* WHAT THE EXERCISE ASKS *
In the data below, the copy begins at the line containing "Sur les routes" and runs through the last line; repeat those lines exactly, minus the pictures.

* DATA SEGMENT *
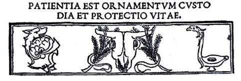 A relação aqui, bem mais simples do que nos Emblemata de Alciato, é de analogia direta entre as palavras e as imagens, de forma que Polifilo as interpreta da seguinte maneira para chegar ao lema PATIENTIA EST ORNAMENTUM CUSTODIA ET PROTECTIO VITAE: o crânio de boi expressa a paciência (patientia), os ramos, o ornamento (ornamentum); o cão, a custódia (custodia); o elmo, a proteção (protectio); e a lâmpada, a vida (vita).
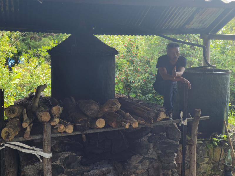 Sur les routes pittoresques des hauts de La Réunion, et en revenant du belvédère du Maïdo, Nicolas et ses amis se sont arrêtés dans une distillerie d'huiles essentielles spécialisée dans l'essence de Géranium Rosat ou d'Eucalyptus.
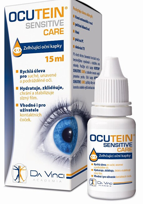 Ocutein SENSITIVE CARE oční kapky poskytují okamžitou úlevu pro podrážděné a unavené oči. Vhodné pro citlivé oči. Lze aplikovat na kontaktní čočky.  prečítať celé

* EXERCISE RESPONSE *
 Sur les routes pittoresques des hauts de La Réunion, et en revenant du belvédère du Maïdo, Nicolas et ses amis se sont arrêtés dans une distillerie d'huiles essentielles spécialisée dans l'essence de Géranium Rosat ou d'Eucalyptus.
 Ocutein SENSITIVE CARE oční kapky poskytují okamžitou úlevu pro podrážděné a unavené oči. Vhodné pro citlivé oči. Lze aplikovat na kontaktní čočky.  prečítať celé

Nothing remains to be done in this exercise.